1456. Maximum Number of Vowels in a Substring of Given Length

[songyy5517]

Given a string s and an integer k, return the maximum number of vowel letters in any substring of s with length k. Vowel letters in English are 'a', 'e', 'i', 'o', and 'u'.

Example 1:

Input: s = "abciiidef", k = 3
Output: 3
Explanation: The substring "iii" contains 3 vowel letters.

Example 2:

Input: s = "aeiou", k = 2
Output: 2
Explanation: Any substring of length 2 contains 2 vowels.

Example 3:

Input: s = "leetcode", k = 3
Output: 2
Explanation: "lee", "eet" and "ode" contain 2 vowels.

Intuition The problem is to find a substring of length k with the most vowels.
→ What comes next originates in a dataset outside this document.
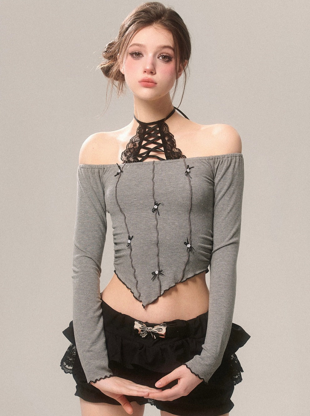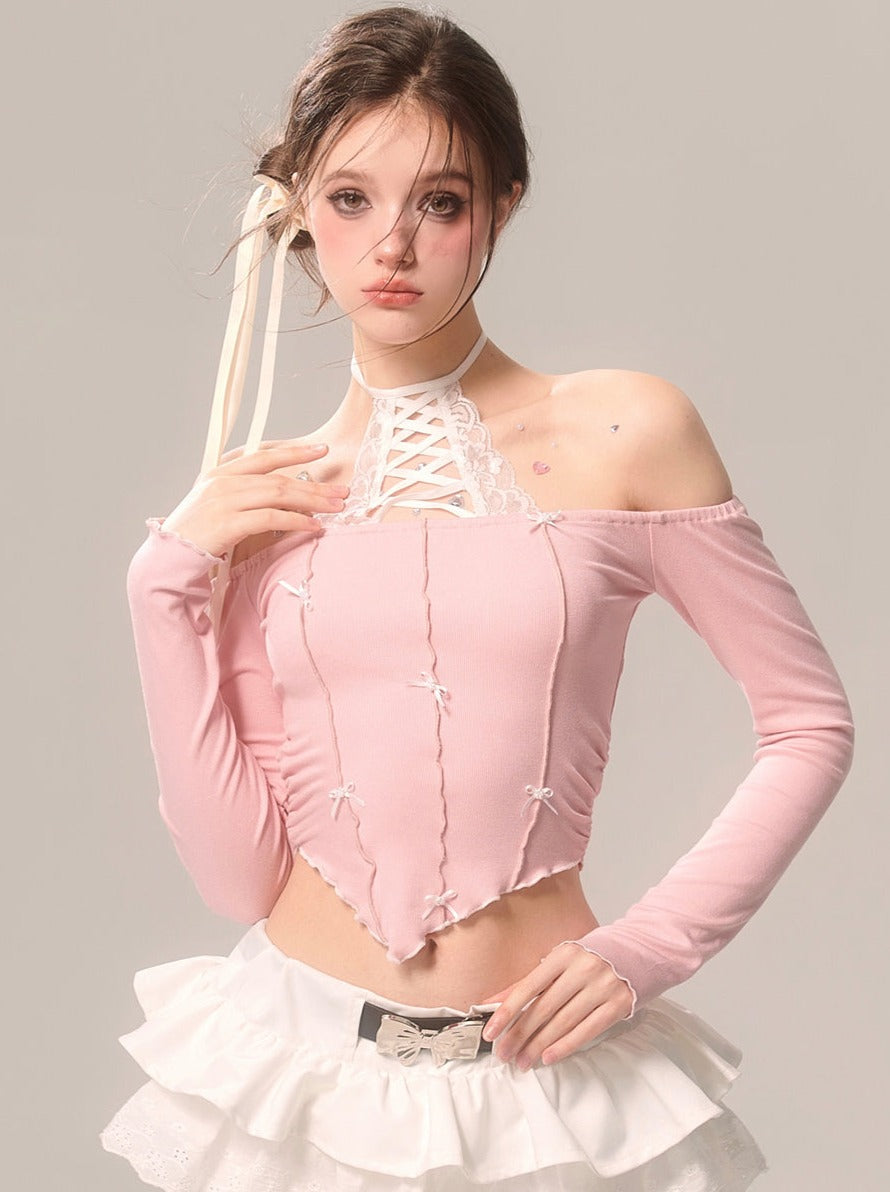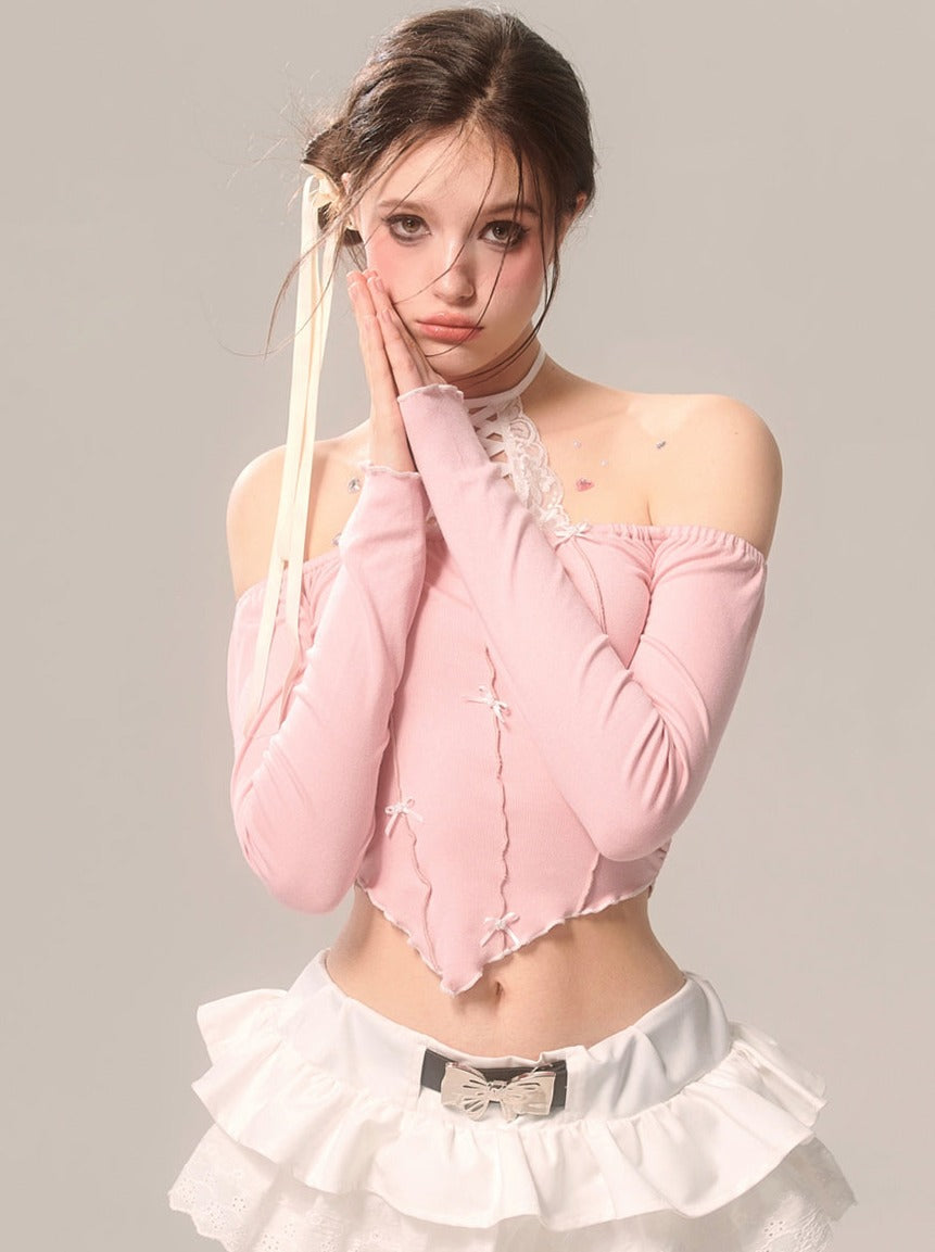甘くてアシンメトリーなトップスで、個性をアピール。トップスのリボンがキュートなアクセントを添えます。どんなシーンにもぴったりで、人混みの中でもひときわ目を引くこと間違いなし。

So we need to check every substring of length k in the original string. Therefore, we can loop through the string with a sliding window. For each step, we calculate the number of vowels in the current substring and compare it with the global maximum.

[songyy5517]

Approach: Sliding Window

1. Exception handling;
2. Define variables and initiate:
   • num: the number of vowels in str[0:k-1];
   • max = num: the global maximum of vowels.
3. Iterate over the string with the sliding window:
   • Calculate the number of vowels in the current window, and compare with the global maximum.
4. Return the global maximum max.

Complexity Analysis

• Time complexity: $O(N)$ , iterating over the entire string takes $O(N)$ time;
• Space complexity: $O(1)$, additionally define constant-level variables.

[songyy5517]

class Solution {
    public int maxVowels(String s, int k) {
        // 思路：滑动窗口
        // 1. 异常处理
        if (s == null || s.length() < k)
            return 0;

        // 2. 变量定义
        int sum = 0;
        for (int i = 0; i < k; i++){
            sum += isVowel(s.charAt(i));
        }
        int max_sum = sum;

        // 3. 遍历字符串
        for (int i = k; i < s.length(); i++){
            sum = sum + isVowel(s.charAt(i)) - isVowel(s.charAt(i - k));
            max_sum = Math.max(max_sum, sum);
        }

        return max_sum;
    }

    int isVowel(char c){
        return c == 'a' || c == 'e' || c == 'i' || c == 'o' || c == 'u' ? 1 : 0;
    }
}

[songyy5517]

2024/5/13